▶ _Exercise requirements_
Starting at the line with "一个月过去,papitube" and stopping at the final line, retype the data below exactly; do not carry over any pictures.

▶ _Supplied records_
:::::
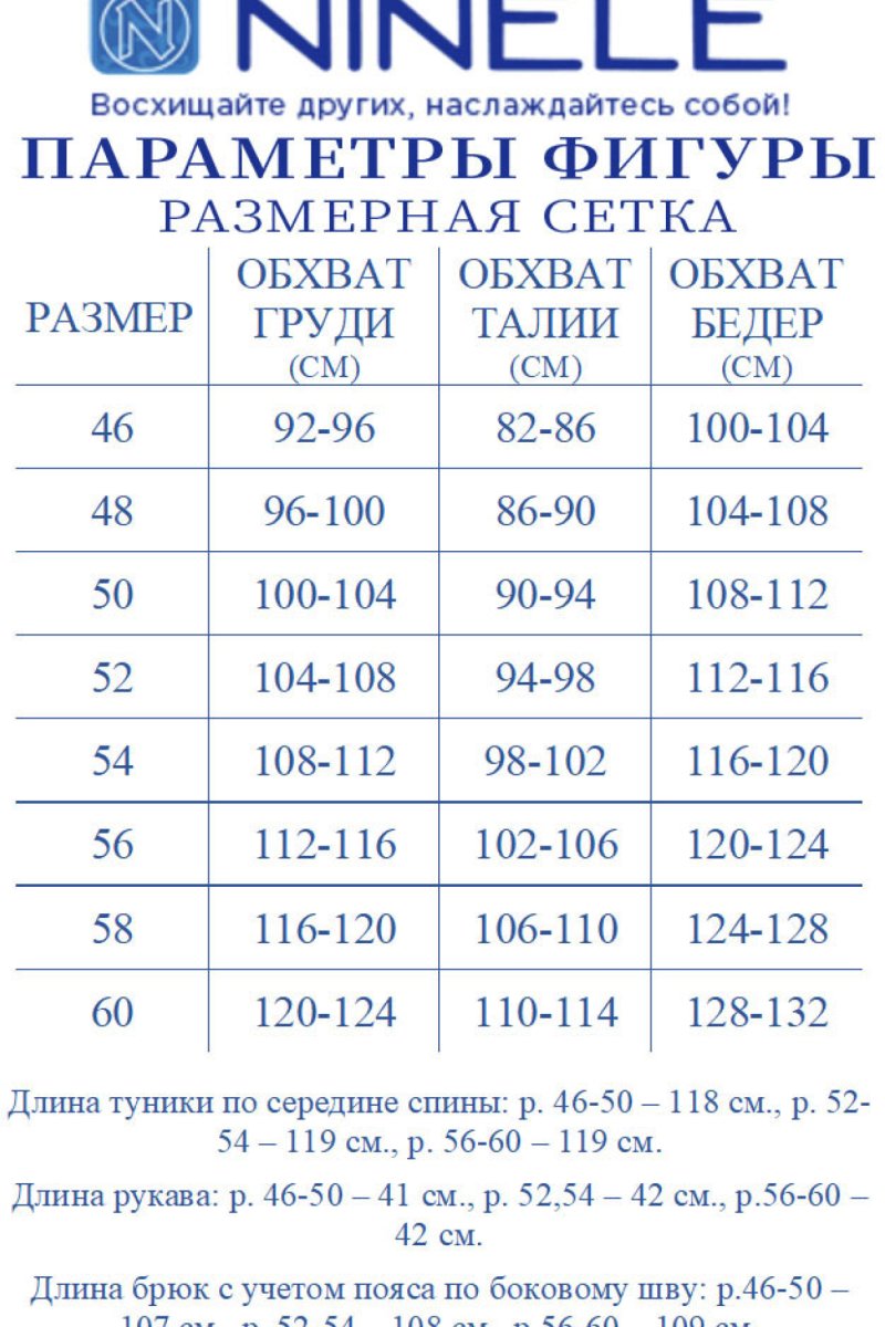 Состав: туника - полиэстер 100%; брюки - полиэстер 97%, спандекс 3%
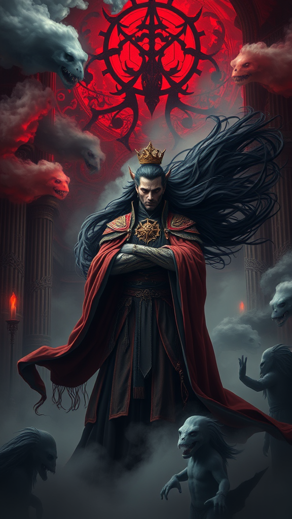 Royal figure with dark, flowing hair and billowing cloth, set against a backdrop evoking the Magic the Gathering universe. The scene is filled with vibrant contrasts, shrouded in clouds of toxic fumes and spirals of smoky ghosts within a vast dark castle. The subject strikes a regal pose amidst dramatic shadows and intricate, ominous details, infused with orthodox symbolism and ambient occlusion. The feel is emotive and steeped in tribal dark fantasy, suitable as a high-quality 8k wallpaper. Created with ultra-detailed 3D rendering, utilizing octane and Unreal Engine for VFX and cinematic lighting. The isometric composition is crafted in Blender, offering ultra-realism and a cinematic experience.
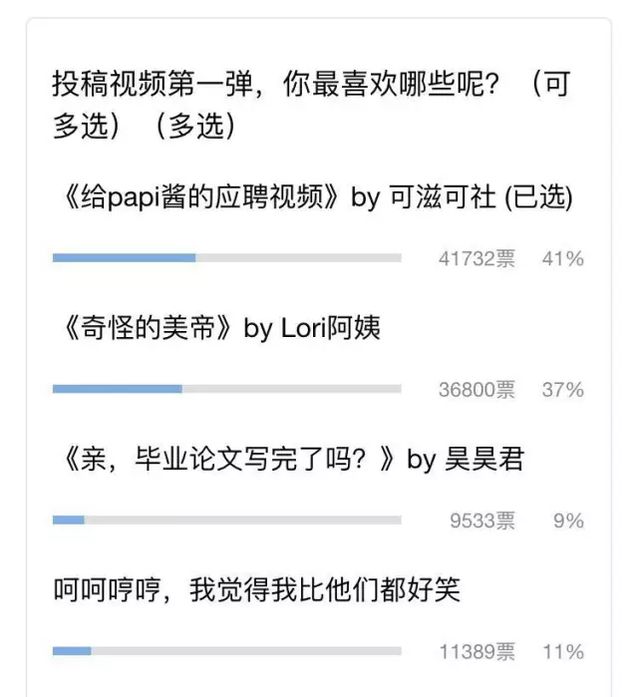 一个月过去,papitube正式推出,第一批入选的有三条视频,分别是《papi酱的应聘视频》(by可滋可社);《奇怪的美帝》(by LORI阿姨);《亲,毕业论文写完了吗》(by昊昊君)。据新榜统计,这条推送一小时就突破10万阅读,虽然相比10分钟破10万+的头条来说还差了一大截,但毫无疑问,papi酱的粉丝乐于接受新鲜血液的注入,有近10万人参与了文章底部的投票。
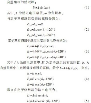 如圖1所示,自整角機主要由定子和轉子組成,定子和轉子問有很小的空氣隙,自整角機的激磁磁場,是一個磁場軸線在空間固定于激磁繞組軸線上,磁通密度分布曲線的幅值隨時間交變的脈振磁場。當轉子繞組偏離中線位置時,轉子激磁繞組所產生的脈振磁通必定和定子各相繞組相匝鏈,因而在定子各相繞組中感應出電勢。
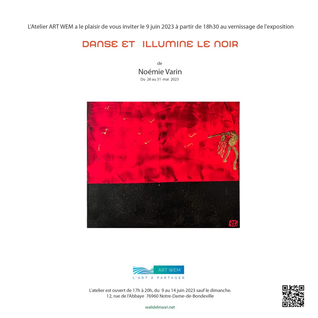 L’Atelier ART WEM a le plaisir de vous inviter le 9 juin 2023 à partir de 18h30 au vernissage de l’exposition « Danse et illumine le noir» de Noémie Varin du 9 au 14 juin 2023
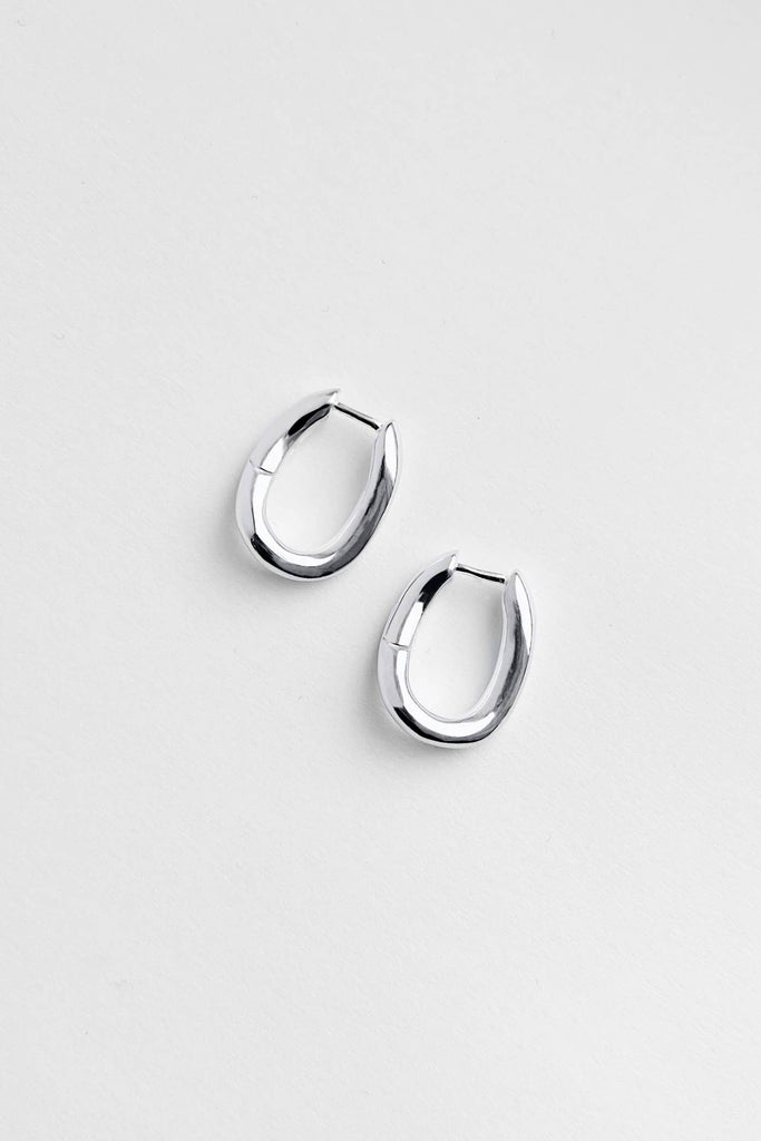 Elongated hinged hoops with a slight twist. Materials: Sterling Silver or Gold Plated Brass (1 micron) Dimensions: 2mm wide
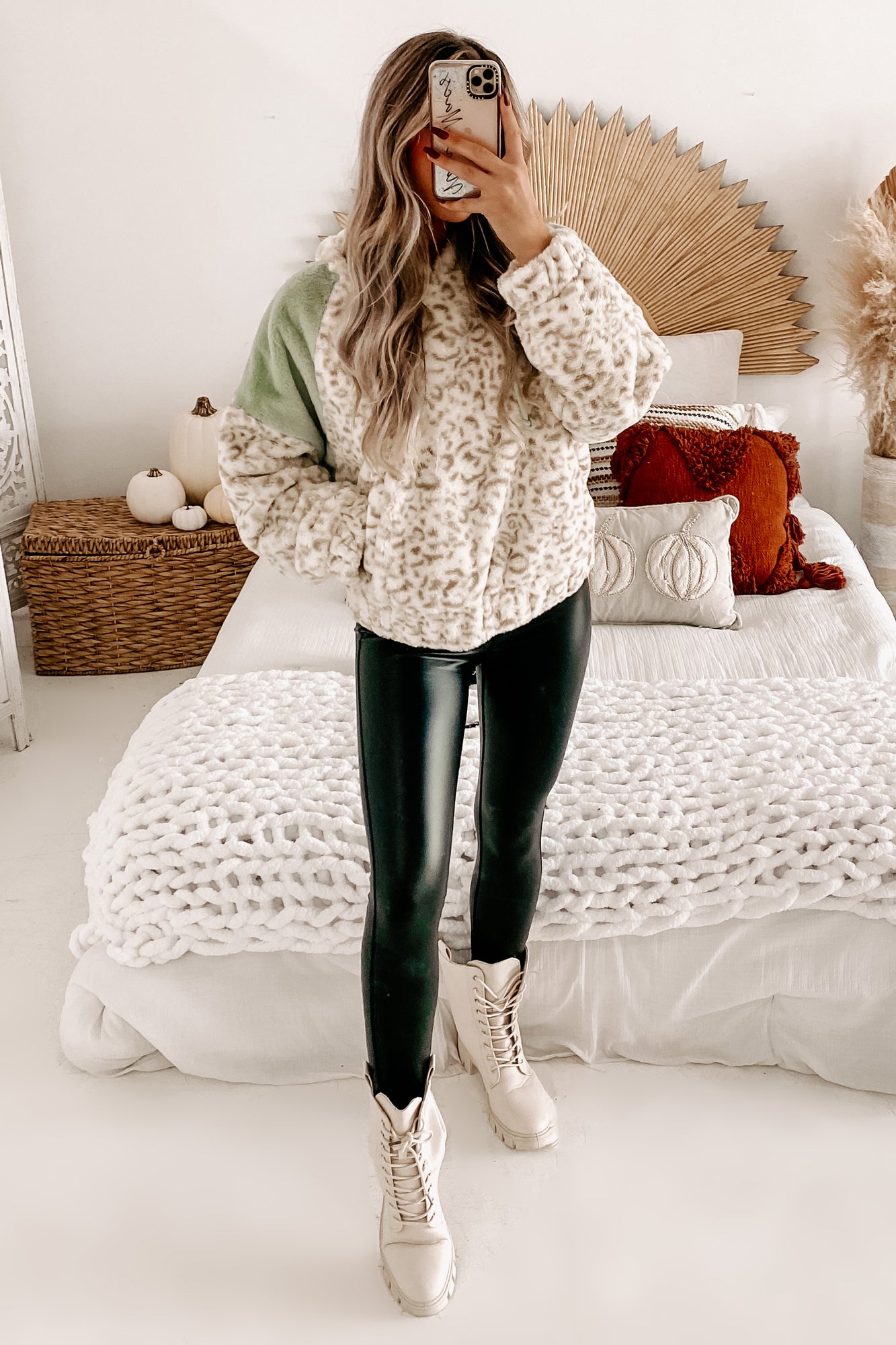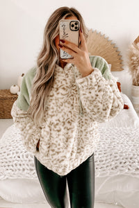 I'm All Fur It Leopard Faux Fur Hoodie (Taupe/Mint) - NanaMacs
:::::
▶ _Answer space_
 一个月过去,papitube正式推出,第一批入选的有三条视频,分别是《papi酱的应聘视频》(by可滋可社);《奇怪的美帝》(by LORI阿姨);《亲,毕业论文写完了吗》(by昊昊君)。据新榜统计,这条推送一小时就突破10万阅读,虽然相比10分钟破10万+的头条来说还差了一大截,但毫无疑问,papi酱的粉丝乐于接受新鲜血液的注入,有近10万人参与了文章底部的投票。
 如圖1所示,自整角機主要由定子和轉子組成,定子和轉子問有很小的空氣隙,自整角機的激磁磁場,是一個磁場軸線在空間固定于激磁繞組軸線上,磁通密度分布曲線的幅值隨時間交變的脈振磁場。當轉子繞組偏離中線位置時,轉子激磁繞組所產生的脈振磁通必定和定子各相繞組相匝鏈,因而在定子各相繞組中感應出電勢。
 L’Atelier ART WEM a le plaisir de vous inviter le 9 juin 2023 à partir de 18h30 au vernissage de l’exposition « Danse et illumine le noir» de Noémie Varin du 9 au 14 juin 2023
 Elongated hinged hoops with a slight twist. Materials: Sterling Silver or Gold Plated Brass (1 micron) Dimensions: 2mm wide
 I'm All Fur It Leopard Faux Fur Hoodie (Taupe/Mint) - NanaMacs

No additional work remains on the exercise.